Après 4 années passées à titre de pensionnaire à l’école, j’allais franchir un nouveau tournant. En effet, l’école adopta une nouvelle politique qui voulait que le côté hébergement soit aboli. Pour que tous les élèves puissent continuer à fréquenter l’école normalement, il ne restait alors que deux solutions possibles: 1) les parents déménagent plus près de l’école; 2) Les élèves habitant trop loin de l’école se retrouvent dans des familles d’accueil qui s’occupent d’eux durant la semaine et ils retournent chez leurs parents la fin de semaine.
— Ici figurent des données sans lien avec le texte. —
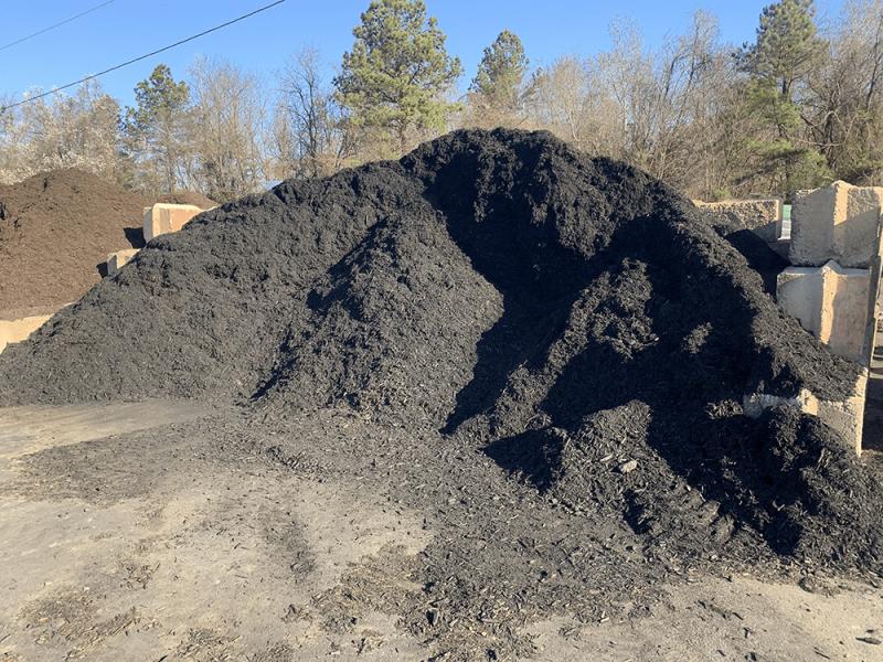 Shredded natural hardwood mulch, dyed black. Helps retain moisture in the Summer and insulate plants in the Winter.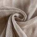 Итальянская ткань машинной вязки из льняной и хлопковой нити. Рисунок выполнен в виде горизонтальных полос песочного и молочного оттенков с добавлением люрексовой нити.  Прекрасно подойдет для пончо, жакета и кардигана, жилета или джемпера, топа, платья прямого кроя, а также для шарфа, палантина.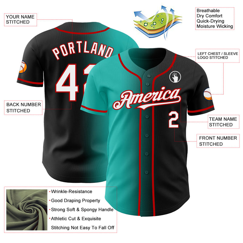 Custom Black White Aqua-Red Authentic Gradient Fashion Baseball Jersey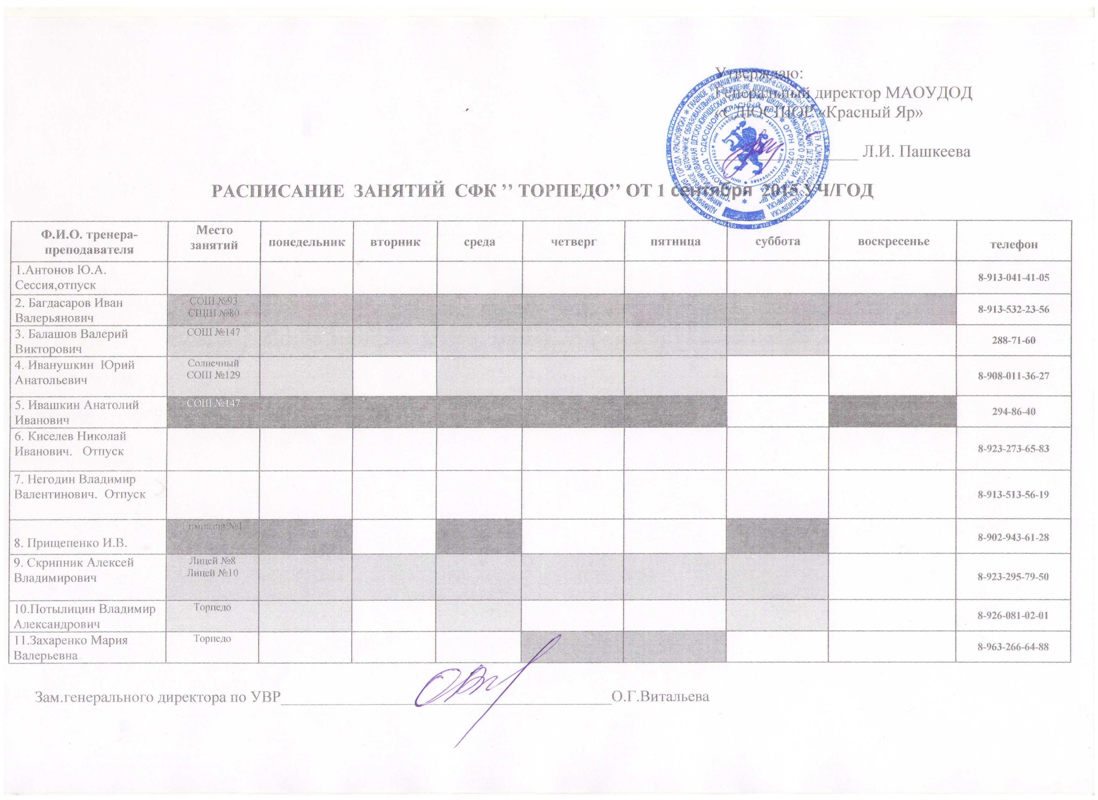 Расписание занятий СФК "Торпедо" от 01 октября 2015 уч/год (Скан)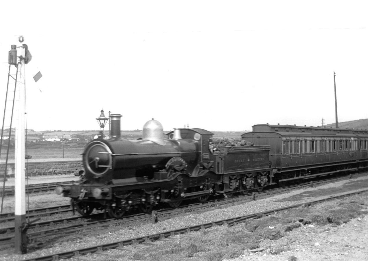 In contrast to the coaches behind, 3326 “ST AUSTELL” is in very presentable form as it leaves Marazion for Penzance in 1907 with a local passenger service – its tender showing no sign of the depletion a longer journey would make. Behind it are the sidings and loading bay of the station, and further back the marsh and outskirts of Long Rock village. 07###AA01-MZN-s3326-PAS_D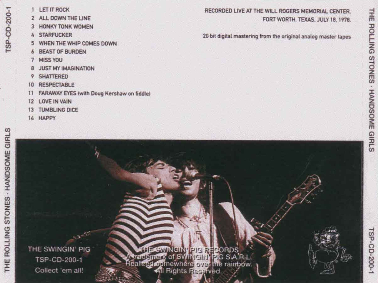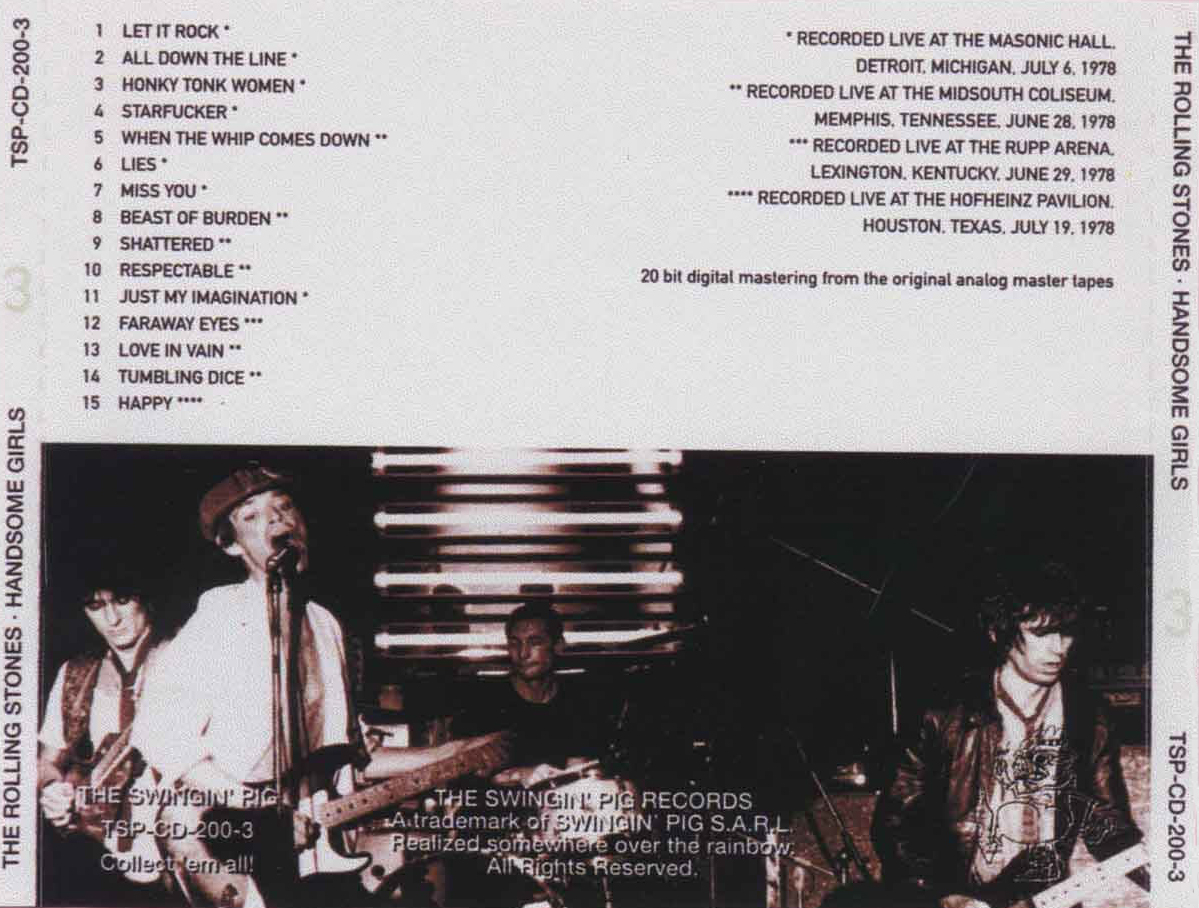 CD-R of the Swinging Pig release. Excellent. Disc 2, Tracks 4-11 are alternate mixes. Disc 3, Tracks 1-4 & 6, 7, 11: Masonic Hall, Detroit MI, 6 July 1978; tracks 5, 8, 9, 10, 13, 14: Midsouth Coliseum, Memphis TN, 28 June 1978; track 15 recorded at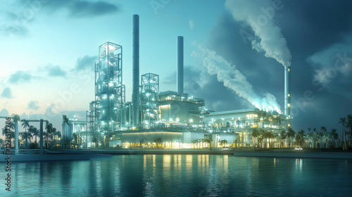 futuristic, power, modern, sustainable, energy, industrial, palm, tree, water, cloudy, sky, environmentally friendly, innovation, clean, technology, renewable, urban, infrastructure, coastal, serene, advanced, engineering, green, waterfront, contemporary, efficient, design, low, emission, facility, production
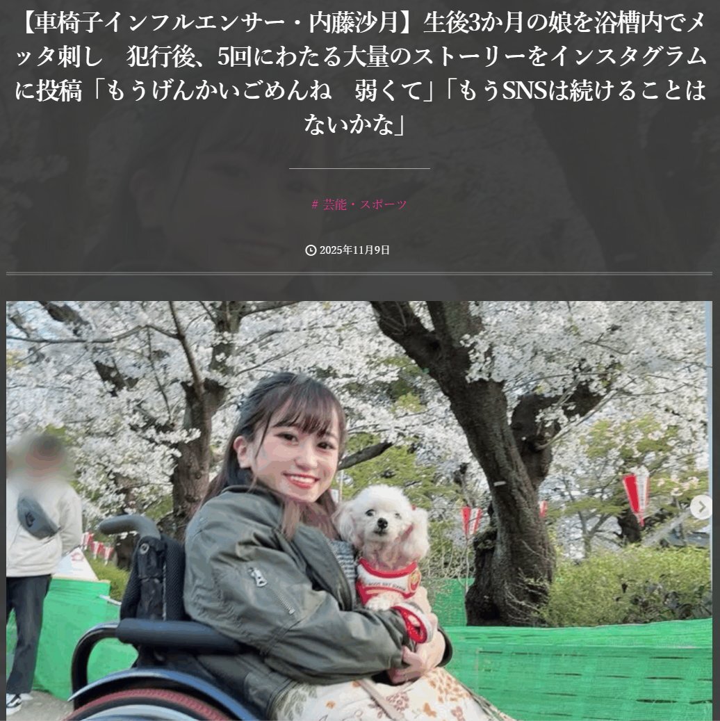 【車椅子インフルエンサー・内藤沙月】生後3か月の娘を浴槽内でメッタ刺し 犯行後、5回にわたる大量のストーリーをインスタグラムに投稿「もうげんかいごめんね 弱くて」「もうSNSは続けることはないかな」 rapt-plusalpha.com/131094/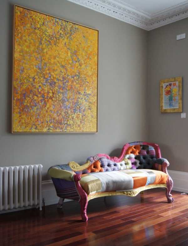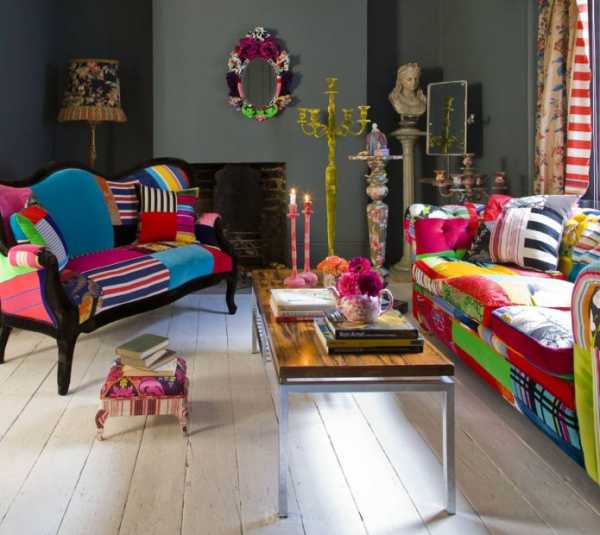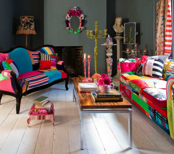 Новый рост популярности на пэчворк в интерьере был в 70-х годах. Тогда не только во многих интерьерах молодежи преобладали яркие цвета и их сочетания, но и в одежде.

De mon côté, je me retrouvai dans la deuxième situation. Il fut donc décidé, au beau milieu de ma quatrième année scolaire, qu’on allait me trouver une famille qui allait m’accueillir 5 jours par semaine et que je retrouverais mes parents et mon frère la fin de semaine. Mais alors là… Imaginez un peu les milliers, ou peut-être les millions de questions qui affluaient dans ma tête! Moi, dans une autre famille que la mienne? Allaient-ils m’aimer? Allaient-ils faire une différence entre moi et leurs «vrais» enfants? Allais-je m’y sentir bien? Serais-je la bienvenue? Allais-je y trouver ma place? Allaient-ils tous m’aimer, dans cette nouvelle famille? Seraient-ils sévères? Aurais-je envie d’obéir à leurs règles comme j’obéissais aux règles chez moi? Les règles allaient-elles être bien différentes de celles de ma famille à moi?…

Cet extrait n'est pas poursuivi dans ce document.